A verbatim copy of the listing is what is needed, minus any pictures.

Data extract:

..............................

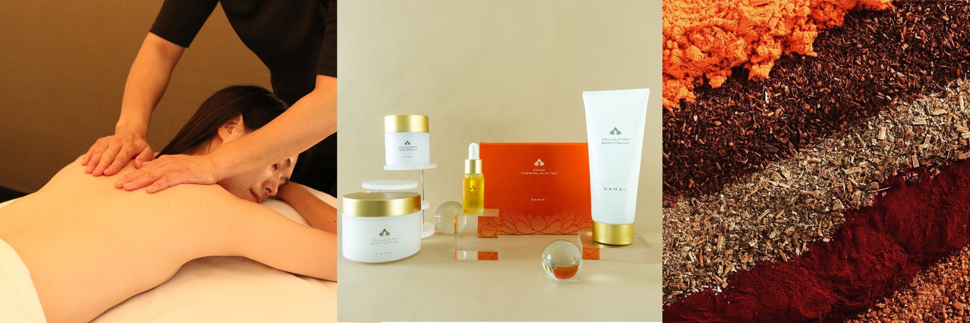 2012年より身体の不調の根本は“冷え”にあると提唱し、温活の先駆け的な存在である「スパ ダマイ」は、2015年よりホームケア製品の販売を開始。カラダの内側も外側もしっかりと温めるプロ仕様のホームケア製品を開発しています。実際にスパの施術でも使用しており、バニラビーンズ由来の温感成分バニリルブチルを配合したボディクリームや、ブラックジンジャーや生姜麹の入ったハーブティーは、温活製品の中でアイコニックな存在。全てのダマイ製品に<温め・巡り・排出>を促すダマイ独自のオリジナルのメソッド“サーマル フィト セラピー”と“サーマルドレナージュ”が踏襲されています。
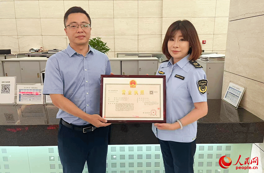 8月28日,海珀集团员工领取新成立的物流领域公司营业执照。人民网 郭维瑾摄
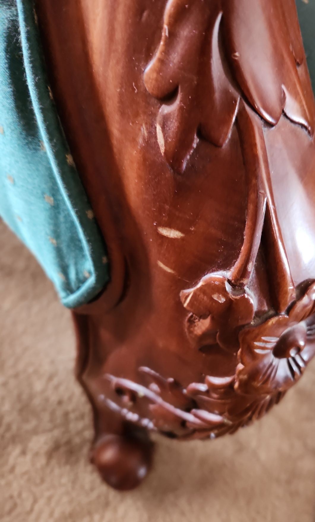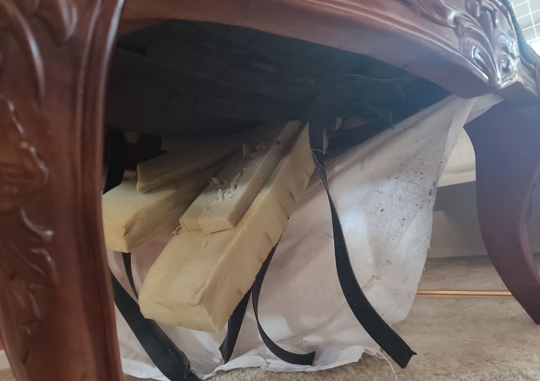 Wood is Scuffed, Seat Cushion is Saggy, Some Seam Issues, Underside Repairs Required
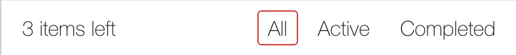 위와 같이 todos 리스트를 나열할 때 하단에 아이템의 갯수와 아이템을 필터링할 수 있는 필터가 존재한다. state 를 설명할 때 filters 객체 안에는 all, active, completed 로 세 가지 filter 종류가 존재한다고 했다.

..............................

Your response:
 2012年より身体の不調の根本は“冷え”にあると提唱し、温活の先駆け的な存在である「スパ ダマイ」は、2015年よりホームケア製品の販売を開始。カラダの内側も外側もしっかりと温めるプロ仕様のホームケア製品を開発しています。実際にスパの施術でも使用しており、バニラビーンズ由来の温感成分バニリルブチルを配合したボディクリームや、ブラックジンジャーや生姜麹の入ったハーブティーは、温活製品の中でアイコニックな存在。全てのダマイ製品に<温め・巡り・排出>を促すダマイ独自のオリジナルのメソッド“サーマル フィト セラピー”と“サーマルドレナージュ”が踏襲されています。
 8月28日,海珀集团员工领取新成立的物流领域公司营业执照。人民网 郭维瑾摄
 Wood is Scuffed, Seat Cushion is Saggy, Some Seam Issues, Underside Repairs Required
 위와 같이 todos 리스트를 나열할 때 하단에 아이템의 갯수와 아이템을 필터링할 수 있는 필터가 존재한다. state 를 설명할 때 filters 객체 안에는 all, active, completed 로 세 가지 filter 종류가 존재한다고 했다.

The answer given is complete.